__WORK ITEM__
Where a picture appears, leave it out, and print the rest of the records as they are.

__TASK INPUT__

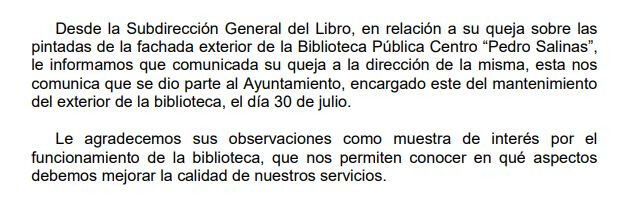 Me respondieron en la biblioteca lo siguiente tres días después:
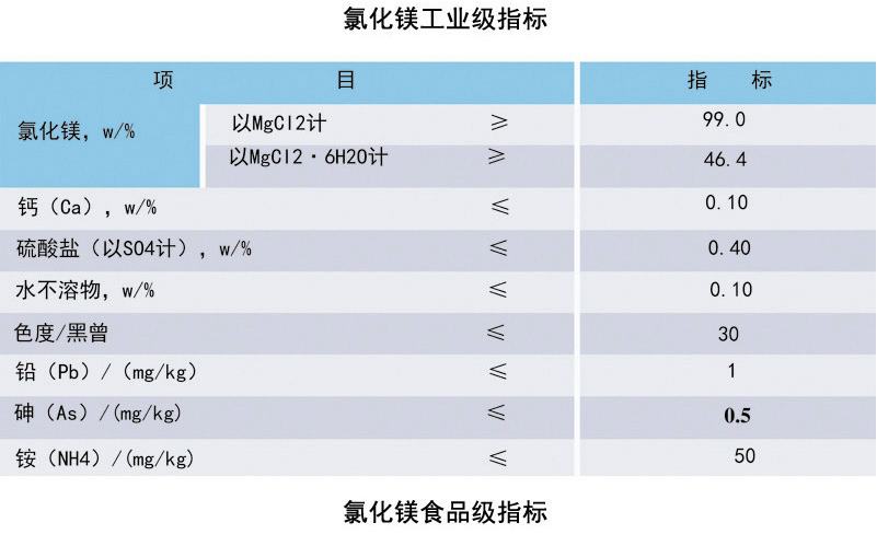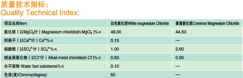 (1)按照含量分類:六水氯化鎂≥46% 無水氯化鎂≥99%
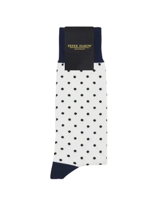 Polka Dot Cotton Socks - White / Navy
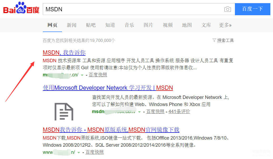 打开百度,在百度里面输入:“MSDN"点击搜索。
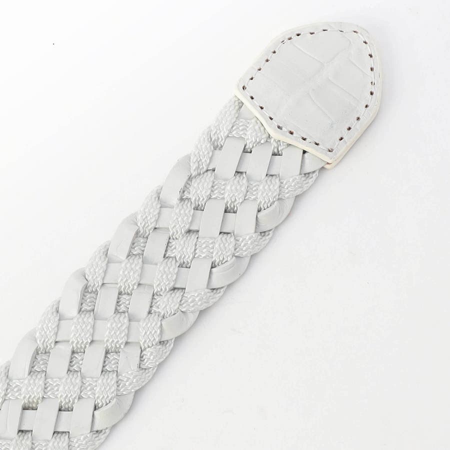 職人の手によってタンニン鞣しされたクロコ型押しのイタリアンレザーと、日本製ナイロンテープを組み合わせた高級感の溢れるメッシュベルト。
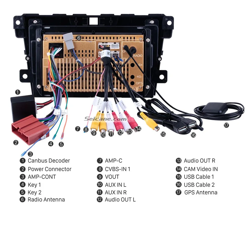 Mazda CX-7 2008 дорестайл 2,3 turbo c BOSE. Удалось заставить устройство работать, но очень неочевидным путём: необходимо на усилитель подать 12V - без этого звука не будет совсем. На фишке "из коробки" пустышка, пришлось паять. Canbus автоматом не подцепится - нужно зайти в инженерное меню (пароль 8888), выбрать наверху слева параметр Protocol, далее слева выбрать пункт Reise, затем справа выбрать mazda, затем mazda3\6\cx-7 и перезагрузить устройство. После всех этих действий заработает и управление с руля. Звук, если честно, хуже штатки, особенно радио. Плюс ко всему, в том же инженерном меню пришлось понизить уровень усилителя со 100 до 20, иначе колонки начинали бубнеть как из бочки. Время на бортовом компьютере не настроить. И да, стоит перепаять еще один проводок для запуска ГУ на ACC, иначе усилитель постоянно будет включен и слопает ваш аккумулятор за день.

__REPLY TO THE TASK__
 Me respondieron en la biblioteca lo siguiente tres días después:
 (1)按照含量分類:六水氯化鎂≥46% 無水氯化鎂≥99%
 Polka Dot Cotton Socks - White / Navy
 打开百度,在百度里面输入:“MSDN"点击搜索。
 職人の手によってタンニン鞣しされたクロコ型押しのイタリアンレザーと、日本製ナイロンテープを組み合わせた高級感の溢れるメッシュベルト。
 Mazda CX-7 2008 дорестайл 2,3 turbo c BOSE. Удалось заставить устройство работать, но очень неочевидным путём: необходимо на усилитель подать 12V - без этого звука не будет совсем. На фишке "из коробки" пустышка, пришлось паять. Canbus автоматом не подцепится - нужно зайти в инженерное меню (пароль 8888), выбрать наверху слева параметр Protocol, далее слева выбрать пункт Reise, затем справа выбрать mazda, затем mazda3\6\cx-7 и перезагрузить устройство. После всех этих действий заработает и управление с руля. Звук, если честно, хуже штатки, особенно радио. Плюс ко всему, в том же инженерном меню пришлось понизить уровень усилителя со 100 до 20, иначе колонки начинали бубнеть как из бочки. Время на бортовом компьютере не настроить. И да, стоит перепаять еще один проводок для запуска ГУ на ACC, иначе усилитель постоянно будет включен и слопает ваш аккумулятор за день.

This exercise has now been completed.